International Olympic Committee (IOC) president Thomas Bach AFP
IOC president Thomas Bach said the IOC Executive Board had recommended to international federations and international sports event organisers that "athletes with a Russian or a Belarusian passport must compete only as Individual Neutral Athletes".
German Sports Minister Nancy Faeser reacted immediately, calling the recommendation a "slap in the face" for Ukrainian athletes, who she said "deserve the solidarity of international sport".
"International sport must condemn Russia's brutal war of aggression in no uncertain terms. This can only be done with the complete exclusion of Russian and Belarusian athletes."
Among other IOC recommendations -- which Bach said were agreed unanimously, the IOC said "teams of athletes with a Russian or Belarusian passport cannot be considered".
Also missing out will be "athletes who actively support the war" as well as "athletes who are contracted to the Russian or Belarusian military or national security agencies".
Bach reiterated that the sanctions against "those responsible for the war, the Russian and Belarusian states and governments", must remain in place, having first been introduced after Russian President Vladimir Putin ordered the invasion of Ukraine in February 2022.
That means that Russia and Belarus are unable to organise an international sports events on their territory.
Additionally, "no flag, anthem, colours or any other identifications whatsoever of these countries displayed at any sports event or meeting, including the entire venue" and "no Russian and Belarusian government or state official can be invited to or accredited for any international sports event or meeting".
Bach, speaking after the executive board meeting in Lausanne, said a decision on athletes from Russia and Belarus taking part in Paris 2024 and the 2026 Winter Olympics, however, would be taken "at the appropriate time".
"The IOC will take this decision at the appropriate time, at its full discretion, and without being bound by the results of previous Olympic qualification competitions," Bach said.
"We want to monitor the implementation of these recommendations as long as possible... to be enabled to take an informed decision."
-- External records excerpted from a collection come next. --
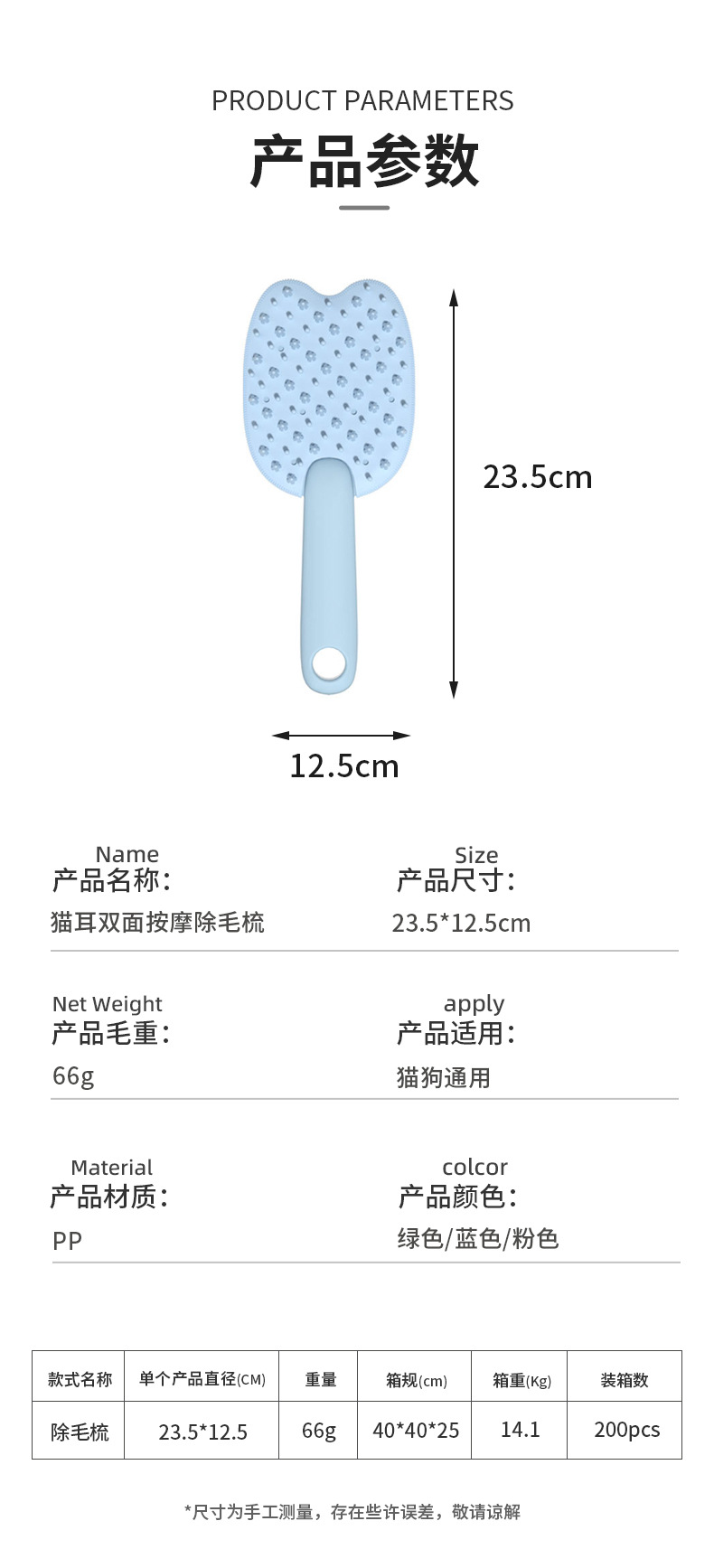 제조업체 도매 양면 마사지 플로팅 헤어 빗 제모 브러시는 피부를 보호하고 양면으로 사용할 수 있습니다. 애완 동물 목욕 마사지 빗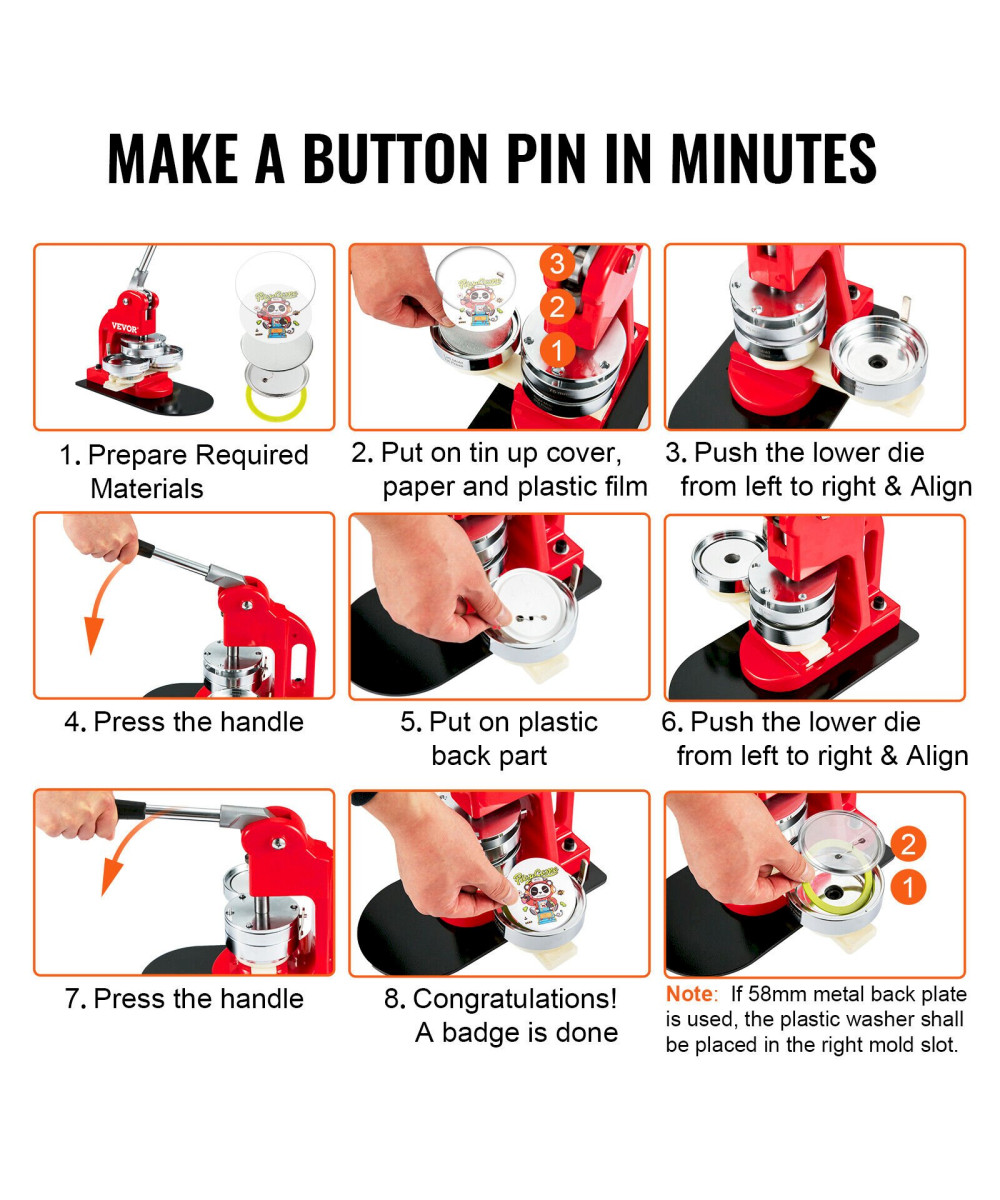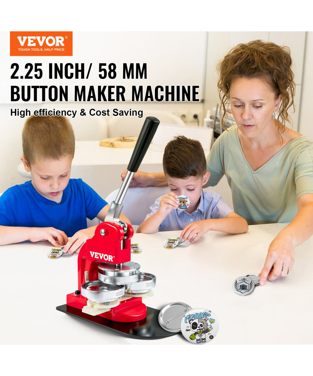 VEVOR Buttonmaschine 58 mm + 500 Stk. Blechdeckel Knopfmachermaschine Buttonpresse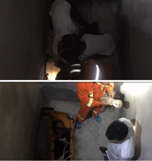 消防员立刻采取措施,将梯子放安全后,让120救护人员先下去查看下女子的身体状况。

The board, he said, "did not consider it appropriate to give a timeline... no one knows what's happening tomorrow or in nine months".
Bach added that the "participation of athletes with a Russian or Belarusian passport at the Olympic Games Paris 2024 was not considered either in the consultations or in its deliberations today".
"The IOC expressly reserves the right to decide about their participation at the appropriate time, even if they would be considered to have qualified according to the qualification criteria set by their respective International Federations (IFs).
"The IOC will closely monitor the full implementation of these recommendations by all parties concerned.
"The results of this monitoring procedure will be an important factor in the decision by the IOC concerning the participation of athletes with a Russian or Belarusian passport in the Olympic Games Paris 2024 and the Olympic Winter Games Milano Cortina 2026."
More than 300 active and former fencers had earlier called on Bach, who won Olympic fencing team gold in 1976, to uphold the ban on Russian and Belarusian athletes.
The FIE, the world fencing body, ruled this month to allow Russian and Belarusian fencers to return to international competition, becoming the first Olympic sport to reopen its events to athletes from the two countries.
In a hard-hitting letter, the fencers accused Bach and the interim president of their federation, Emmanuel Katsiadakis, of prioritising Russians ahead of Ukrainians and dismissed the notion of neutrality, saying "athletes were and will be instrumentalised for Putin's propaganda".